» Problem description:
Exactly as written, please repeat the data that follows, but not the pictures.

» Material provided:
########

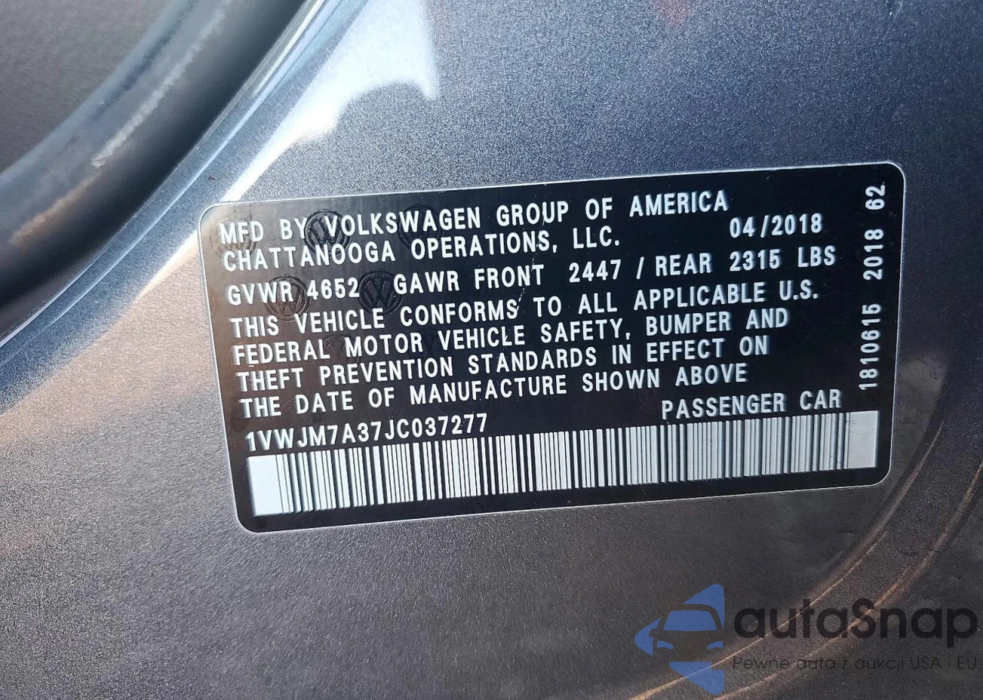 The car Volkswagen Passat 2018 (VIN 1VWJM7A37JC037277) has not been auctioned before. The documents are clean, and the mileage matches or is below the market average. Sold by an insurance company – we recommend purchase. Delivery to the port will take approx. 6–8 weeks.
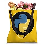 novelty Python Programming Language Logo for anybody who loves Python. Python is powerful... and fast; plays well with others;r uns everywhere; is friendly & easy to learn; is Open. 16” x 16” bag with two 14” long and 1” wide black cotton webbing strap handles. Made of a lightweight, spun polyester canvas-like fabric. All seams and stress points are double-stitched for durability, and the reinforced bottom flattens to fit more items and hold larger objects. Spot clean/dry clean only.
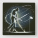 A golfer is poised to hit a ball towards a flag on a golf course surrounded by bright, swirling lines that suggest motion and energy.
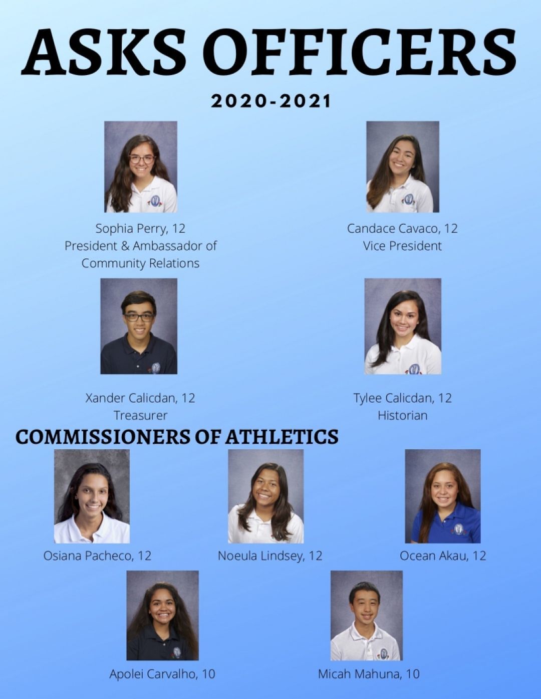 Announcing the 2020-2021 Associated Students of Kamehameha Schools (ASKS) Executive Board and Commissioners.

########

» Answer section:
 The car Volkswagen Passat 2018 (VIN 1VWJM7A37JC037277) has not been auctioned before. The documents are clean, and the mileage matches or is below the market average. Sold by an insurance company – we recommend purchase. Delivery to the port will take approx. 6–8 weeks.
 novelty Python Programming Language Logo for anybody who loves Python. Python is powerful... and fast; plays well with others;r uns everywhere; is friendly & easy to learn; is Open. 16” x 16” bag with two 14” long and 1” wide black cotton webbing strap handles. Made of a lightweight, spun polyester canvas-like fabric. All seams and stress points are double-stitched for durability, and the reinforced bottom flattens to fit more items and hold larger objects. Spot clean/dry clean only.
 A golfer is poised to hit a ball towards a flag on a golf course surrounded by bright, swirling lines that suggest motion and energy.
 Announcing the 2020-2021 Associated Students of Kamehameha Schools (ASKS) Executive Board and Commissioners.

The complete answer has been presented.